Sunday, May 24, 2020

Behind Trump’s Demand to Reopen Churches: Slipping Poll Numbers

This post is a follow up on one from yesterday but is important because it reveals that Donald Trump doesn't give a rat's ass about churches, the free exercise of religion, or the safety of congregants at church services.  Rather, it is ALL about him and alarm withing his campaign that his polling with white evangelicals and white Catholics has taken a major hit thanks to his bungling of the federal response to the Covid-19 pandemic.  His demand the church services be deemed "essential services" is a desperate attempt to restore slipping support among the falsely named Christian Right - which is neither Christian nor right on almost any issue. Trump knows that without the support of this demographic he will likely be toast in November, and hence his call to allow church services even if it means infecting congregants.  Anyone who believes Trump gives a damn about them is delusional.  With Trump, it is all about him 27/7 and nothing and no one else matters except in the context of how it helps him.  A piece Politico looks at what is really motivating Trump and it has NOTHING to do with religious freedom (A piece in Business Insider notes that church services are "super spreaders" of covid-19).  Here are article highlights:
A sudden shift in support for Donald Trump among religious conservatives is triggering alarm bells inside his reelection campaign, where top aides have long banked on expanding the president’s evangelical base as a key part of their strategy for victory this November.

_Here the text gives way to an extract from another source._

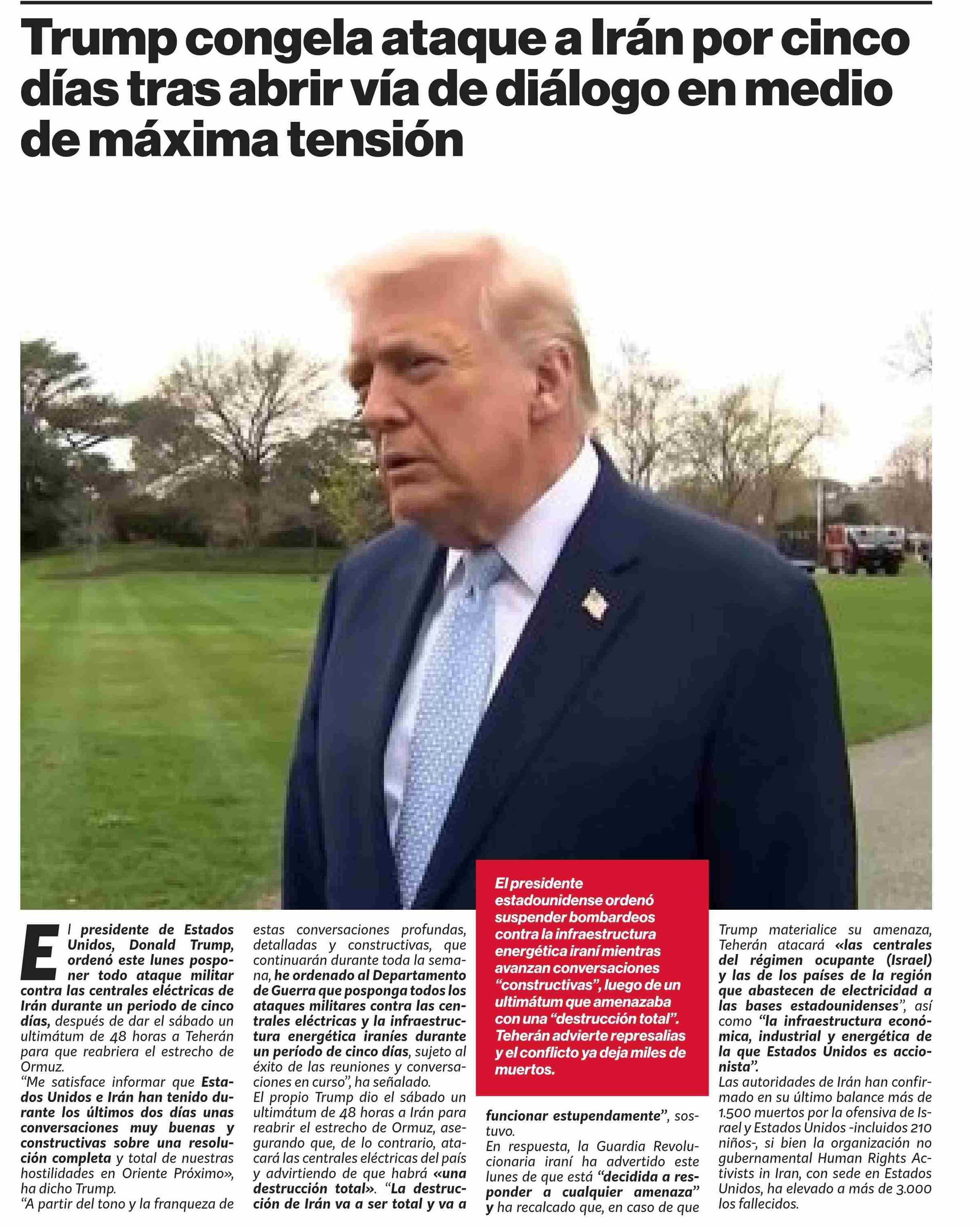 | Título: | Trump congela ataque a Irán por cinco días tras abrir vía de diálogo en medio de máxima tensión |
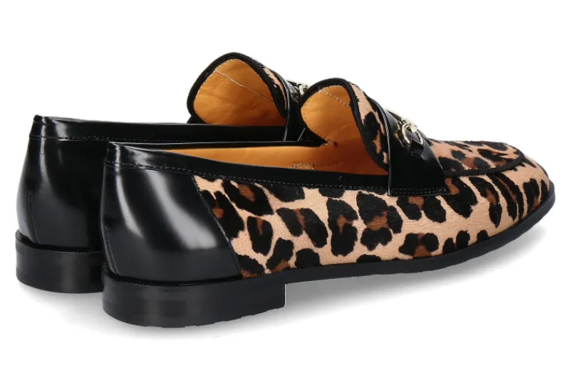 Der Truman’s Slipper kombiniert luxuriöses Design mit höchstem Komfort. Hergestellt aus edlem Ponyfell im auffälligen Leopardenmuster, verleiht er jedem Outfit eine elegante und zugleich wilde Note. Schwarze Glattlederdetails setzen stilvolle Akzente und unterstreichen das exklusive Erscheinungsbild. Eine dekorative Spange auf der Vorderkappe verleiht dem Slipper einen zusätzlichen Hauch von Raffinesse. Das weich gepolsterte Lederfußbett sorgt für außergewöhnlichen Tragekomfort, während die schwarze Gummilaufsohle sicheren Halt und Flexibilität bietet. Dieser Slipper ist die perfekte Wahl für modebewusste Frauen, die Stil und Komfort in einem Schuh vereinen möchten.

The anxiety over Trump’s standing with the Christian right surfaced after a pair of surveys by reputable outfits earlier this month found waning confidence in the administration’s coronavirus response among key religious groups, with a staggering decline in the president’s favorability among white evangelicals and white Catholics. Both are crucial constituencies that supported Trump by wide margins in 2016 and could sink his reelection prospects if their turnout shrinks this fall.
The polls paint a bleak picture for Trump, who has counted on broadening his religious support by at least a few percentage points to compensate for weakened appeal with women and suburban populations. . . . . Another person close to the campaign described an April survey by the Public Religion Research Institute, which showed a double-digit decline in Trump’s favorability among white evangelicals (-11), white Catholics (-12) and white mainline protestants (-18) from the previous month, as “pretty concerning.”
To safeguard his relationship with religious conservatives, Trump on Friday demanded that America‘s governors permit houses of worship to immediately reopen, and threatened to “override“ state leaders who decline to obey his directive. The announcement . . . . featured clear appeals to white evangelicals, many of whom have long supported Trump's socially conservative agenda.
Following the PRRI survey, which was conducted while Trump was a dominant presence at televised daily briefings by his administration's coronavirus task force, Pew Research Center released new data last week that showed a 7-point increase from April to May in white Catholics who disapprove of Trump’s response to the Covid-19 crisis and a 6-point decline among white evangelicals who previously gave him positive marks.
Trump campaign aides, White House officials and outside allies are responding to the threat by boosting their outreach to religious voters and promising to prioritize religious gatherings as they push to reopen the U.S. economy.
It was not immediately clear whether the president's order on Friday — that state and local officials must take immediate action to reopen religious institutions — was legally permissible, nor was it clear how administration officials planned to enforce the guidance.
Guidelines released this week by the Centers for Disease Control and Prevention about reopening certain establishments — including schools, public transit systems and child care facilities — did not mention how religious institutions should go about returning to in-person worship services and ministry opportunities. One senior administration official said the guidance was omitted due to concerns that the prescriptions CDC staffers planned to provide were too restrictive.
It’s unlikely that critics of church closings alone are responsible for the decline in Trump’s favorability among critical religious demographics. According to the Pew survey, 43 percent of white evangelicals and 52 percent of white Catholics think the current restrictions on public activity in their areas are appropriate versus 42 percent and 31 percent, respectively, who think fewer restrictions would be better. Greater shares of white evangelicals and white Catholics also said they are more afraid about their state governments lifting restrictions on public activity too soon than they are about leaving the restrictions in place for too long.
Laura Gifford, a historian of politics and religion at George Fox University, said it’s likely become harder for the president’s supporters to embrace his plans for an accelerated reopening of the country. The more Trump contradicts health officials who have warned against reopening schools and nonessential businesses, she suggested, the less accepting his usual supporters might become of his overall response. . . . . “This is something where that is harder to ignore than previous controversies or crises because it has life-and-death consequences for congregations and religious populations.”
Part of the strategy Trump allies have adopted to protect his relationship with conservative Christians is to frame the novel coronavirus — and church closures in response to social distancing restrictions — as a threat to religious freedom. . . . . But the religious freedom framing might not matter if the economy remains in free fall through the November election, even after churches are permitted to reopen and conservative outside groups ramp up their outreach to religious voters.